Finite-sample and asymptotic analysis of generalization ability with an application to penalized regression
This work addresses the theoretical underpinnings of model generalization for statisticians and machine learning practitioners, offering incremental improvements in error analysis and hyperparameter selection.
The paper tackles the problem of understanding generalization ability in extremum estimators, deriving finite-sample and asymptotic error bounds for penalized regression and showing how these bounds can guide hyperparameter tuning and explain differences between penalized and unpenalized estimates, with proven L2-consistency across both n ≥ p and n < p cases.

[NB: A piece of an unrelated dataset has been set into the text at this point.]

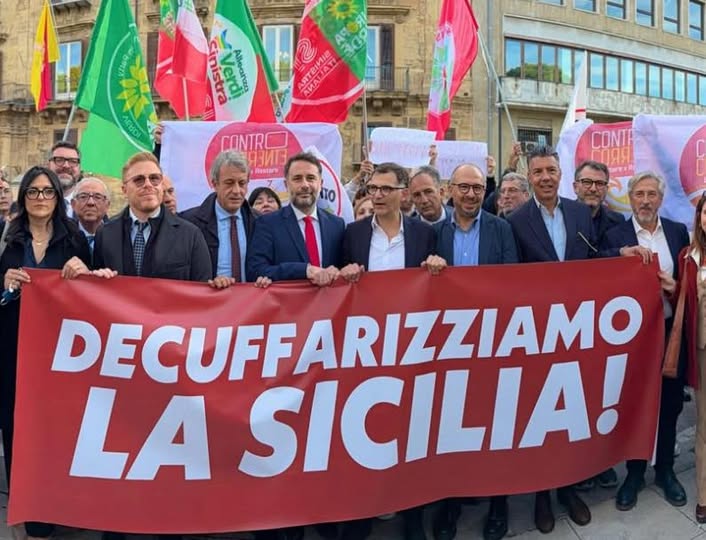 Grande manifestazione questo pomeriggio a Palermo, nella piazza che fronteggia il Palazzo della Presidenza della Regione, di tutte le forze politiche del campo progressista, per chiedere le dimissioni del Governo regionale, dopo l’esplosione dello scandalo sulla corruzione nella sanità e le richieste di arresto per Cuffaro, Romano e altri 16 esponenti del sistema di potere che ha inquinato le istituzioni.
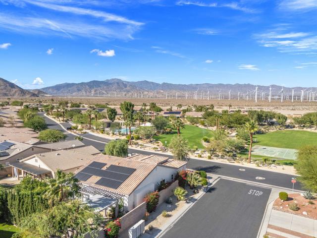 Comfort, space, and mountain views await in this Palm Springs gem!This 3-bedroom, 2-bath home offers 1,835 sq. ft. of beautifully updated living on a desirable corner lot. Inside, you'll find an open floor plan with high ceilings, fresh paint, and upgraded tile and Pergo flooring throughout -- perfect for entertaining and everyday living.The spacious kitchen is the heart of the home, featuring a grand island for gathering, granite countertops, and plenty of cabinet storage. Glass sliders open to a private, enclosed backyard surrounded by mature shrubs and framed by stunning mountain views -- an ideal space for relaxing or hosting friends.The primary suite provides a relaxing retreat with dual sinks, a walk-in closet, and a large en suite bathroom. Additional highlights include an indoor laundry room, two-car garage, and leased solar panels that keep electric costs low.Located just steps from the community pool and across from a well-manicured park, this home combines privacy and convenience. Residents enjoy low HOA dues and access to three pools and spas, tennis and basketball courts, BBQ and picnic areas, and a playground.Minutes from downtown Palm Springs, shopping, dining, and the Palm Springs Tram -- this is easy, affordable desert living at its best!

In this paper, we study the performance of extremum estimators from the perspective of generalization ability (GA): the ability of a model to predict outcomes in new samples from the same population. By adapting the classical concentration inequalities, we derive upper bounds on the empirical out-of-sample prediction errors as a function of the in-sample errors, in-sample data size, heaviness in the tails of the error distribution, and model complexity. We show that the error bounds may be used for tuning key estimation hyper-parameters, such as the number of folds $K$ in cross-validation. We also show how $K$ affects the bias-variance trade-off for cross-validation. We demonstrate that the $\mathcal{L}_2$-norm difference between penalized and the corresponding un-penalized regression estimates is directly explained by the GA of the estimates and the GA of empirical moment conditions. Lastly, we prove that all penalized regression estimates are $L_2$-consistent for both the $n \geqslant p$ and the $n < p$ cases. Simulations are used to demonstrate key results. Keywords: generalization ability, upper bound of generalization error, penalized regression, cross-validation, bias-variance trade-off, $\mathcal{L}_2$ difference between penalized and unpenalized regression, lasso, high-dimensional data.